Family Life and Work Experience Before 1918

Source: Extract from interview with Mrs Annely, Thompson, P. and Lummis, T., Family Life and Work Experience Before 1918, 1870-1973 [computer file]. 7th Edition. Colchester, Essex: UK Data Archive [distributor], May 2009. SN: 2000, http://dx.doi.org/10.5255/UKDA-SN-2000-1

Text: Q: Cinemas, lantern slide shows, that kind of thing – was there anything like that you remember?

A: Oh, of course we were allowed to go to the cinema. 2d. at one cinema and ld. at the other. As long as you sat on hard wooden forms in the Jeune Street Cinema. And the Cowley Road one we used to go to very often. That was one of the places where my brother used to have to take me when I was small. But my first memory of Cowley Road was that it was a small theatre and the people that lived next door to us, she used to put some of the actors and actresses up, so we used to get a free pass to go up there. She used to send us a free pass in so we three children used to go and see some of the variety acts that they had there.

Q: It was more a variety theatre was it?

A: Yes. Very much like a music hall type of place. I think there’s been quite a lot of news about it, in the Oxford Mail recently you know. Antony Wood has been following it up.

Q: About the old style music halls?

A: About the old style music halls, yes. Up Cowley Road, the Old Palace as it was called. He’s done quite a lot of work on that

Q: Used you to go quite often to that then?

A: I would say every Saturday.

Q: And what about the cinemas, were they on Saturdays, too?

A: Yes. Usually a children’s performance in the morning.

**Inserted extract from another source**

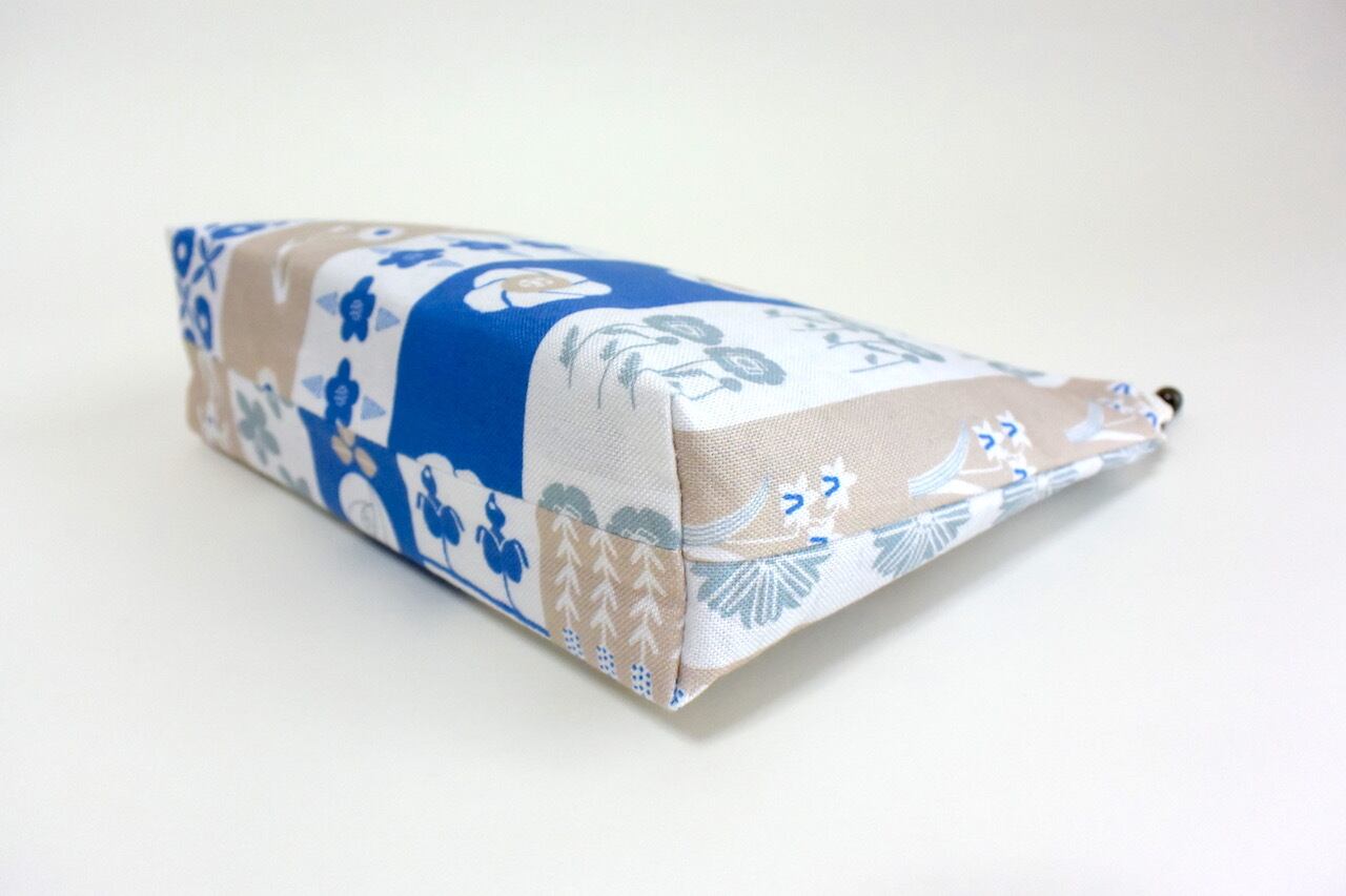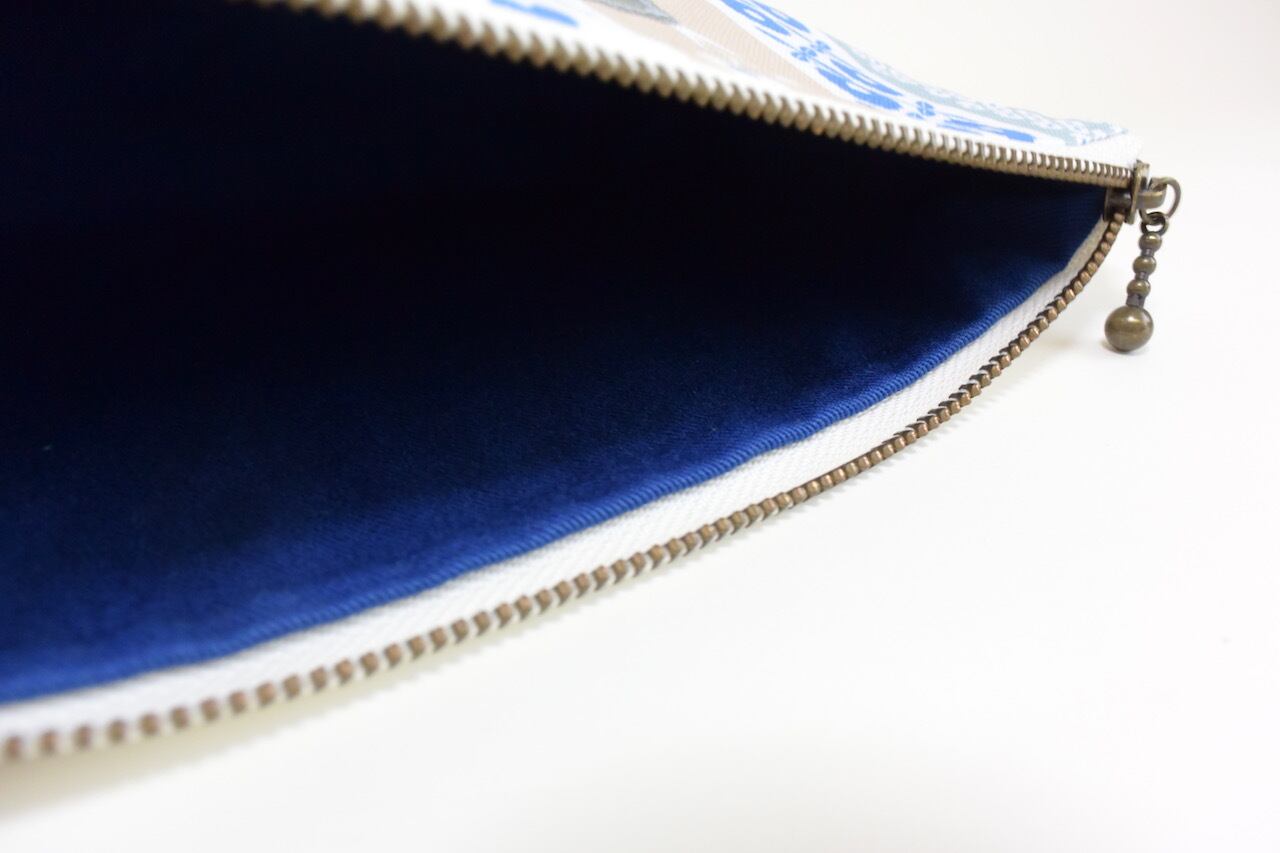 袋口には20cmのファスナーを使用しており、5cmのマチがありますので、コスメポーチとしても、かばんの中にごちゃつきがちな小物もたっぷり入ります。

Q: Were there special children’s programmes that you went to when your brother took you, or was it adult films?

A: I would think that they were adult films, but of course, you didn’t get “X” films like you do today.

Q: Oh, no. No I was thinking about your mother with her very particular ideas about upbringing, I think it probably must have been quite suitable for her to let your brother…

A: Oh, yes. I don’t think we would have been allowed to see anything that wasn’t quite suitable.

Comments: Mrs Annelly was born in Oxford in 1905, the youngest of three children. Her father was a house painter and decorator. Her mother was a cook for a doctor before marriage. She was one of 444 people interviewed by Paul Thompson and his team as part of a study of the Edwardian era which resulted in Thompson’s book The Edwardians: The Remaking of British Society (London: Weidenfeld and Nicolson, 1975). The cinema referred to may be the Oxford Picture Palace, which was on the corner of Cowley Road and Jeune Street.